さて、豆といえば節分。最近では豆じゃなくて殻付き落花生を撒いたりするそうですが、やはり古式ゆかしく大豆でまいりたいものです。歴史をしらべてみると、平安時代に「季節の変わり目には鬼がやってくる」という信仰があり、それを追い払うために「追儺(ついな)」という宮中行事があったそうです。それが庶民におりてきて今の形になったそう。

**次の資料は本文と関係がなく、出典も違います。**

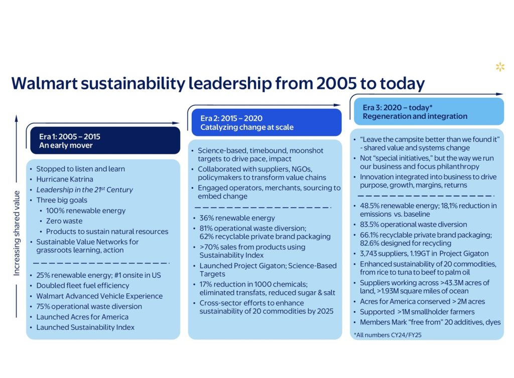 Walmart views its sustainability journey through three distinct eras. Source: Walmart
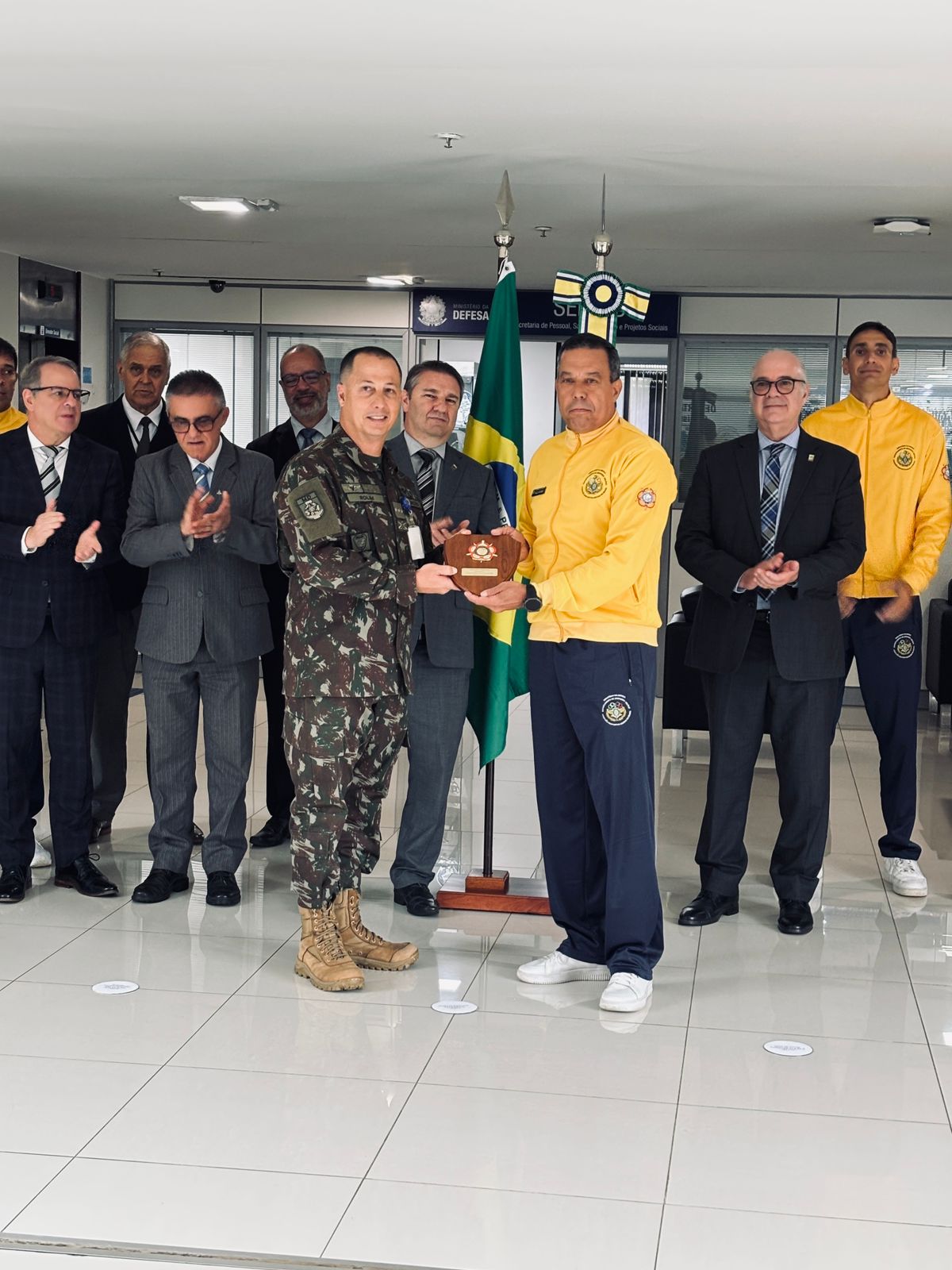 The event gathered senior civil and military authorities, including Dr Idervânio da Silva Costa, Secretary of Personnel, Health, Sports and Social Projects (SEPESD); Dr Oswaldo Gomes dos Reis Junior, Assistant Secretary of SEPESD; Lieutenant General Paulo Afonso Bruno de Melo, President of the CDMB and Director of the Military Sports Department; and Colonel Nilton Gomes Rolim Filho, President of the International Military Sports Council (CISM).
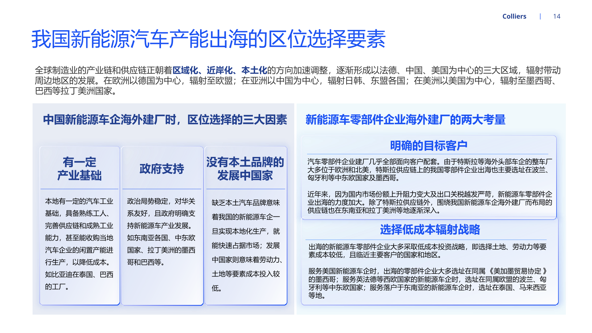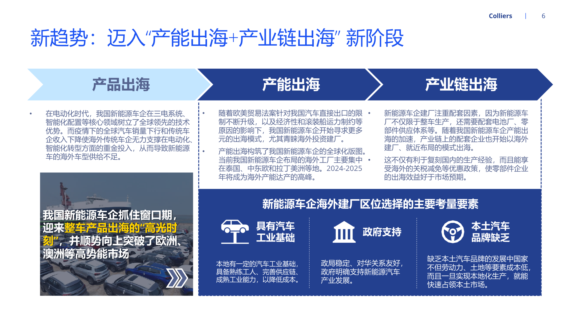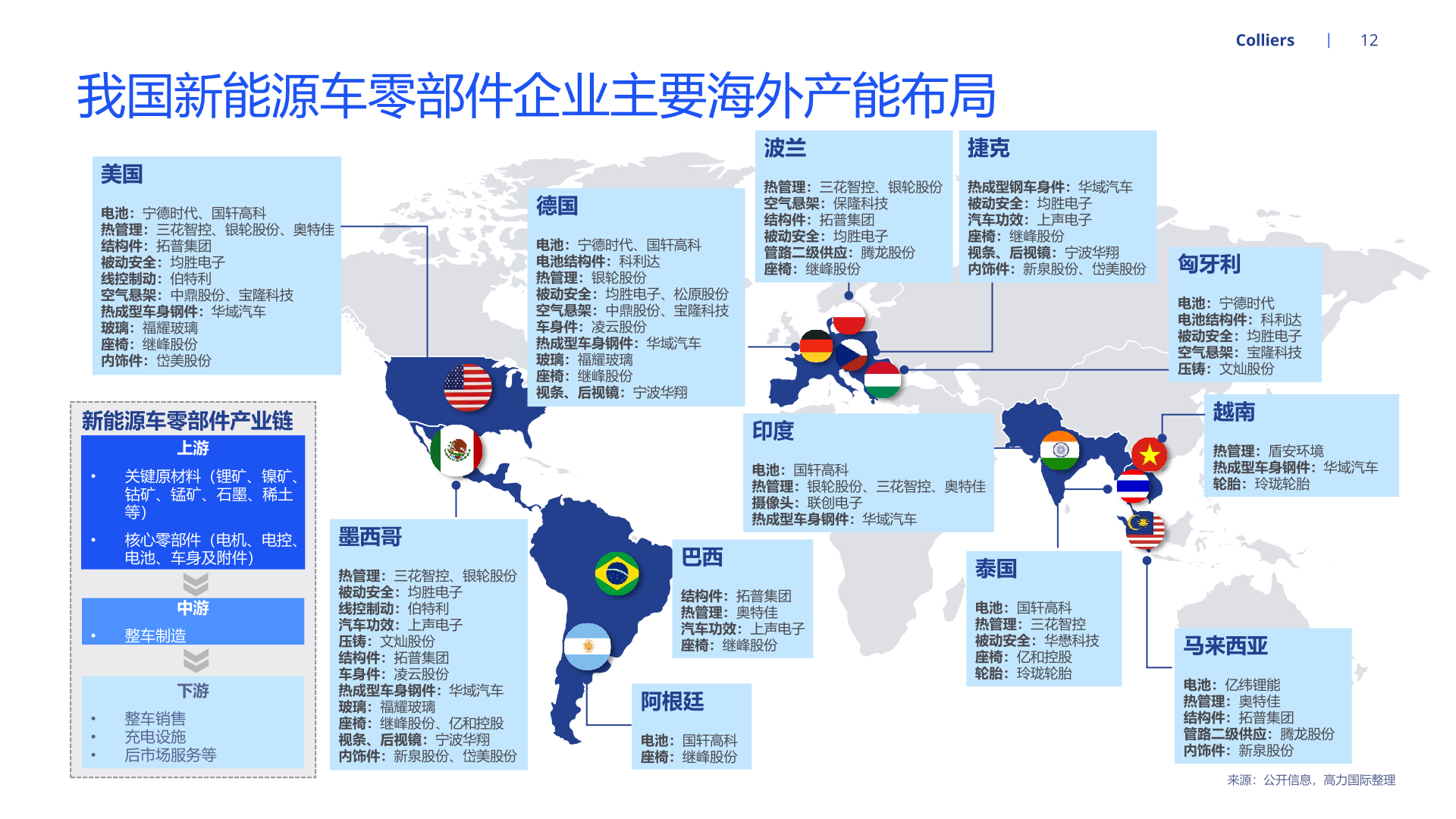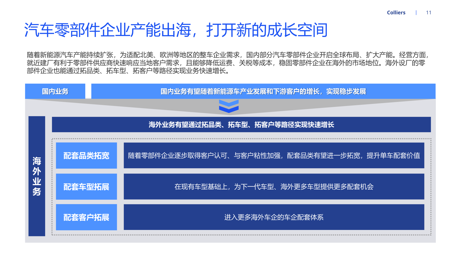 随着新能源汽车产能持续扩张,为适配北美、欧洲等地区的整车企业需求,国内部分汽车零部件企业开启全球布局、扩大产能。经营方面, 就近建厂有利于零部件供应商快速响应当地客户需求,且能够降低运费、关税等成本,稳固零部件企业在海外的市场地位。海外设厂的零 部件企业也能通过拓品类、拓车型、拓客户等路径实现业务快速增长。
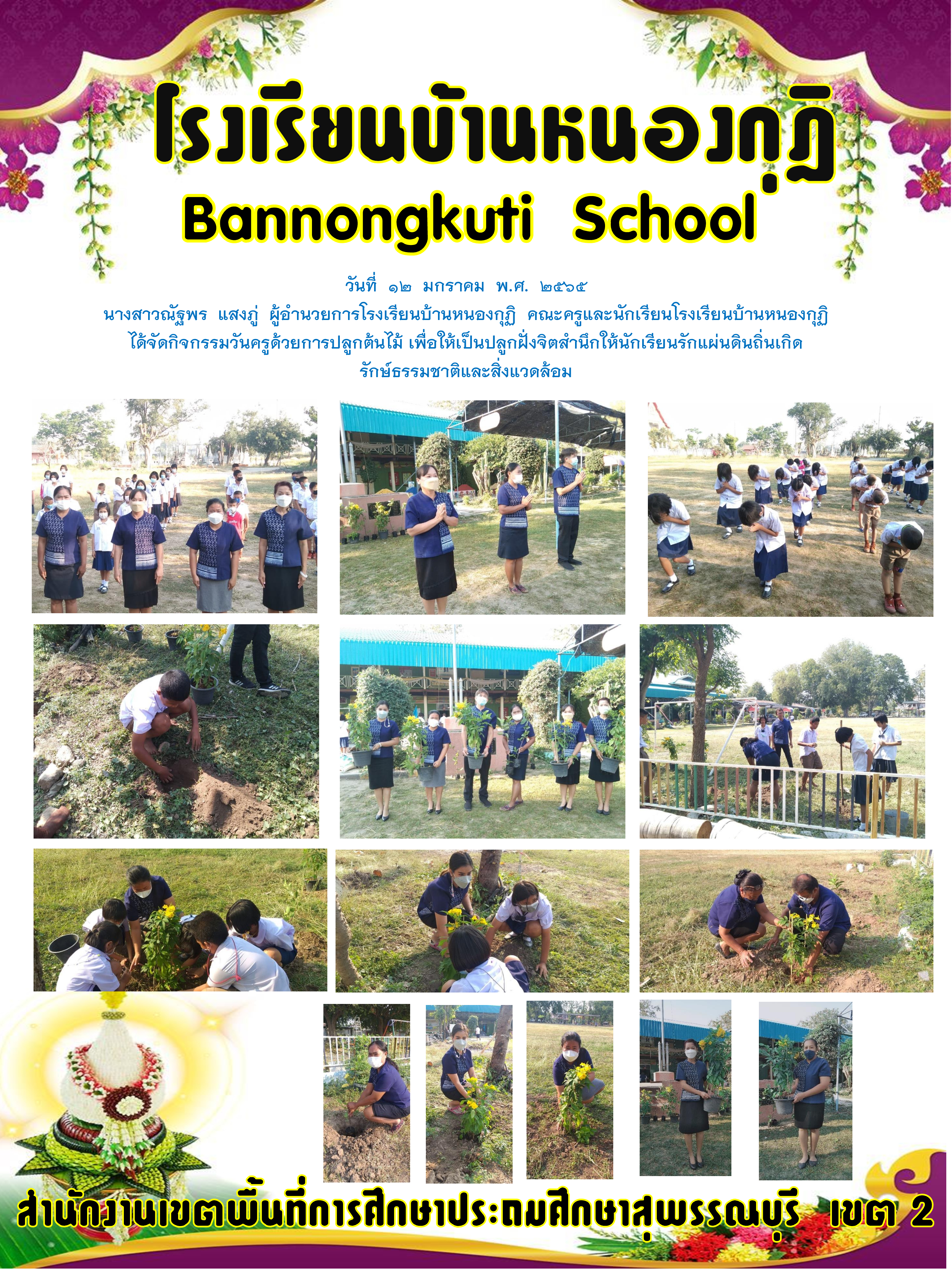 12 มกราคม 2565  ผอ.ณัฐพร  แสงภู่  ผู้อำนวยการโรงเรียนบ้านหนองกุฏิ  พร้อมคณะครู  และนักเรียน ร่วมกันปลูกต้นไม้ เนื่องในกิจกรรมวันครูประจำปี 2565  เพื่อเพิ่มความร่มรื่น  สวยงามให้โรงเรียนและเป็นการส่งเสริมปลูกฝังให้นักเรียนมีสำนึกรักษ์ธรรมชาติ และสิ่งแวดล้อม

そもそも鬼や妖怪などは数を数えるのが大好き。豆をぶつけて追い払う、のではなく豆をばらまいてそれに気を取られているスキに逃げる、ということなんです。もったいないから後で拾って食べるんだ、落花生が衛生的でいいよね、なんて狭い了見で伝統行事をしちゃあいけません。そんな値段もしないんですから、ぱーっといきましょう。ちんまりやってますと、すぐに数えられちゃって鬼がきちゃいますよお。狐に眉毛を数えられると化かされる、だから眉に唾をつけて数えられないようにする、なんて伝承が「眉唾」の語源です。この数えなきゃ、という性分、どうも洋の東西を問わないようで、吸血鬼なんかもそうらしい。東欧では今でも棺の上に箒を置いて埋葬する地方もあるとか。ほうきの刷毛目を数えちゃってるあいだに、夜が明けるといった算段でございます。以上、昨年夏からの伏線をやっとこさ回収できました。いやあ、つるちゃんもマメだねえ、と落ちをつけて来月にまいりたいと思います。